Yesterday I was slicing up some breaks in a variety of ways and chaining them together into sequences like this:
d1 $ cat [
slice 8 "0 1 2 3 4 5 6 7" $ sound "brk:1",
slice 8 "0 1 2 0 1 2 5 [6 6]" $ sound "brk:1",
slice 8 "0 1 [2 2 2 2] 0 1 2 6 6" $ sound "brk:1",
slice 8 "0 1 2 0 1 2 0 0" $ sound "brk:1",
slice 8 "0 1 2 ~ 4 4 [6 6] 7" $ sound "brk:1",
slice 8 "0 1 2 0 1 2 5 [6 6]" $ sound "brk:1",
slice 8 "0 1 [2 2 4 [~ 4]] 0 1 2 6 6" $ sound "brk:1",
slice 32 "[0 1 2 0 1 2 6 6]/4" $ sound "brk:1"
]
Is there a more idiomatic way of doing this - the slice 8 and sound "brk:1" are quite repetitive - could I extract a function here? Or should I turn off my programmer brain and enjoy the repetition 
?
cat is fine, you want to simplify the construction of the list. For instance, using map
d1 $ cat $ map (\ p -> slice 8 p $ sound "brk:1")
[ "0 1 2 3 4 5 6 7"
, "0 1 2 0 1 2 5 [6 6]"
]
Oh and I strongly recommend to put the commas in front. In Haskell circles, this is the "dutch style" of indentation.
[EDIT] I typed too fast - didn't see you want the 32 in the last item.

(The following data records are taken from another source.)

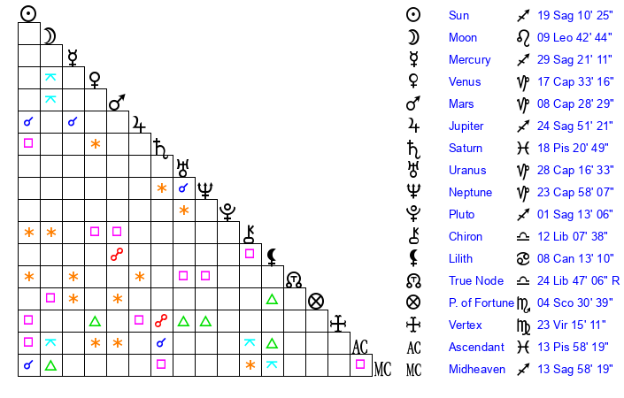 | Sun | 19 Sagittarius 10 | 20 Sagittarius 9 | 18 Capricorn 43 |
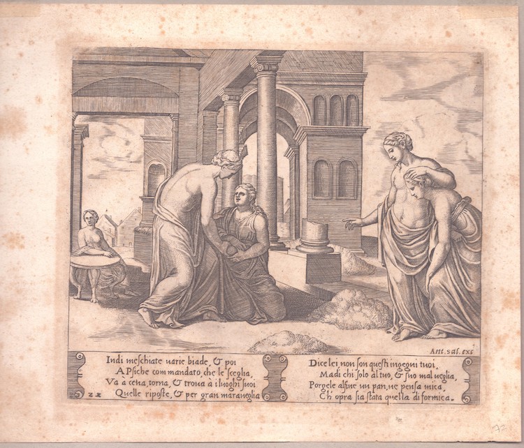 dalla serie con la storia di Amore e Psiche da Michiel Coxie I. Bulino, 200 x 233 mm (lastra), 239 x 296 mm (foglio). Stato III su 4, con l'indirizzo di Antonio Salamanca. Bartsch XV.60.
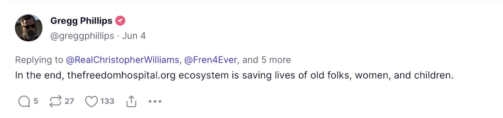 “My work and my calling is to create a private healthcare and extraction ecosystem for old folks, women and children,” he wrote in a post on June 5. “The Freedom Hospital is my commitment to God come to life.”
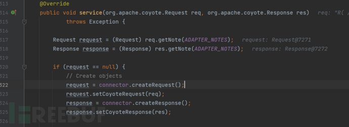 所以现在我们的目的是获取到AbstractProtocol$ConnectionHandler类的global属性值,也即是获取到AbstractProtocol这个类对象。 在调用这一步之后看起,发现了在CoyoteAdapter#service方法中,存在有Connector对象的操作。

Then use tuples:
cat $ map (\ (s, p) -> slice 8 p $ sound "brk:1")
[ (8, "0 1 2 3 4 5 6 7")
, (8, "0 1 [2 2 2 2] 0 1 2 6 6")
, (12, "0 1 2 0 1 2 5 [6 6]")
]
Now you might not want those repeated 8s, so you could abstract again
cat $ map (\ (s, p) -> slice 8 p $ sound "brk:1")
$ map (\ p -> (8,p))
[ "0 1 2 3 4 5 6 7"
, "0 1 [2 2 2 2] 0 1 2 6 6"
]
++ [ (32, "[0 1 2 0 1 2 6 6]/4")
]
3 Likes
alternatively, you can extract the slice and sound from cat, like:
d1 $ slice "<8!7 32>" (cat [
"0 1 2 3 4 5 6 7",
"0 1 2 0 1 2 5 [6 6]",
"0 1 [2 2 2 2] 0 1 2 6 6",
"0 1 2 0 1 2 0 0",
"0 1 2 ~ 4 4 [6 6] 7",
"0 1 2 0 1 2 5 [6 6]",
"0 1 [2 2 4 [~ 4]] 0 1 2 6 6",
"[0 1 2 0 1 2 6 6]/4"
])
$ sound "bd:1"
the < > is the equivalent of cat in the mininotation, so <8!7 32> means: "8 for 7 cycles, 32 for 1"
4 Likes
Thank you both! Two different but very interesting ways of solving the problem. I've learnt a lot!